Monday, November 25, 2024

Law and Order: Special Victims Unit: "Cornered" (Dick Wolf Entertainment, Universal Television, NBC-TV, aired November 21, 2024)


by Mark Gabrish Conlan • Copyright © 2024 by Mark Gabrish Conlan • All rights reserved

Alas, after the excellent “Bad Apple” episode of the flagship Law and Order, the Law and Order: Special Victims Unit episode that followed, “Cornered,” returned to the ordinary in more ways than one. It began rather innocently with assistant district attorney Dominic Carisi, Jr. (Peter Scanavino) on his way to an office party being thrown for his paralegal, Elizabeth Alden (Toni Khalil). Carisi stops in at a bodega run by Ali Imran (Turhan Troy Kaylak) to pick up a cup of coffee. Ali knows exactly just how Carisi likes his coffee – which in itself, according to the conventions of Law and Order scriptology, marks him as not long for this world. Carisi gets his coffee just fine, but he realizes that he didn’t get a card for the bouquet he meant to present to Elizabeth. So he pops into the bodega to get one – just as the place is being robbed by recently released criminals Boyd Lynch (Silas Weir Mitchell), a 50-something hot-headed white guy, and his 20-something Black associate, Deonte Mosley (Keith Machekanyanga), whom he “protected” in prison (though writers David Graziano and Julie Martin do no more than hint about what Lynch got out of Mosley for “protecting” him). The crooks hold hostage Carisi, Ali and two women in the deli, including Tess Milburn (Paige Herschell), who so audibly worries about her boyfriend and what he’ll think if she shows up at their meeting late because she was literally held up that we know she’s going to get raped by the time the episode is over. That does indeed happen (by Lynch) after the robbers hit on the idea of locking their hostages – except for Carisi, whom they let stay in the store in the hope he’ll be a valuable bargaining chip in case the police surround the place – in the deli’s meat freezer.

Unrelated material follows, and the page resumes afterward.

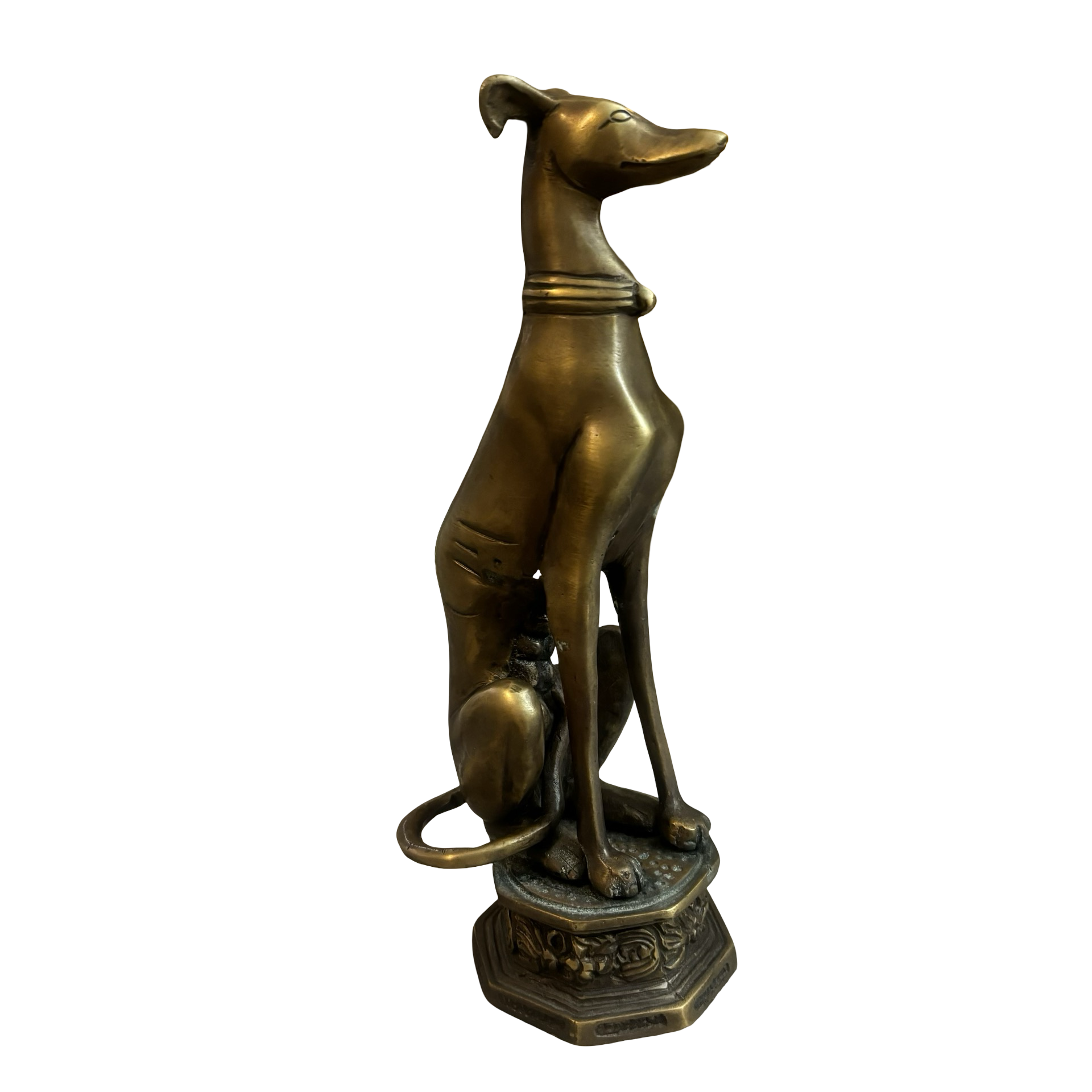 A stunning bronze figurine of a greyhound or whippet with extreme attention to detail! This piece is so lovely.

Lynch forces Ali to call the deli’s absentee owner for the key to the safe hidden on the deli floor, and when Ali attempts to answer the deli’s land line – which the cops are calling to establish contact and communication with the hostage-takers – Lynch, who for some reason doesn’t want any contact with the outside world, shoots him dead. Carisi futilely tries to keep the guy alive, including pressing against his body at the location of the gunshot wound, but to no avail. Later Carisi tries to exchange himself for Captain Olivia Benson (Mariska Hargitay), arguing that an NYPD captain is a much more valuable hostage than a mere assistant district attorney, but the switch doesn’t happen because Lynch and Mosley refused to let Captain Benson in and release Carisi. Carisi tells the uncomprehending Mosley that whatever Lynch has done, as his accomplice he’s equally liable legally, meaning he can be charged with both murder and rape even though he didn’t commit those crimes: Lynch did. Ultimately Lynch freaks out and thinks Mosley is going to switch sides on him, and Mosley shoots Lynch dead, whereupon Captain Benson and the police who’ve been waiting outside crash the place, rescue the remaining hostages and arrest Mosley, who seems not to understand that whatever Carisi said to him about acting in self-defense, he did commit several crimes for which he’s legally liable as Lynch’s accomplice. After a genuinely disturbing and demanding Law and Order episode, this SVU all too obviously returned to the strict moral conventions of policiers, with good-good cops, bad-bad crooks and an overall sense of black-and-white characters. Deonte Mosley is the only truly conflicted role here, and even he – despite Keith Machekanyanga’s success in portraying him and his dilemmas – isn’t strong enough to make this more than a by-the-numbers people-in-terror thriller.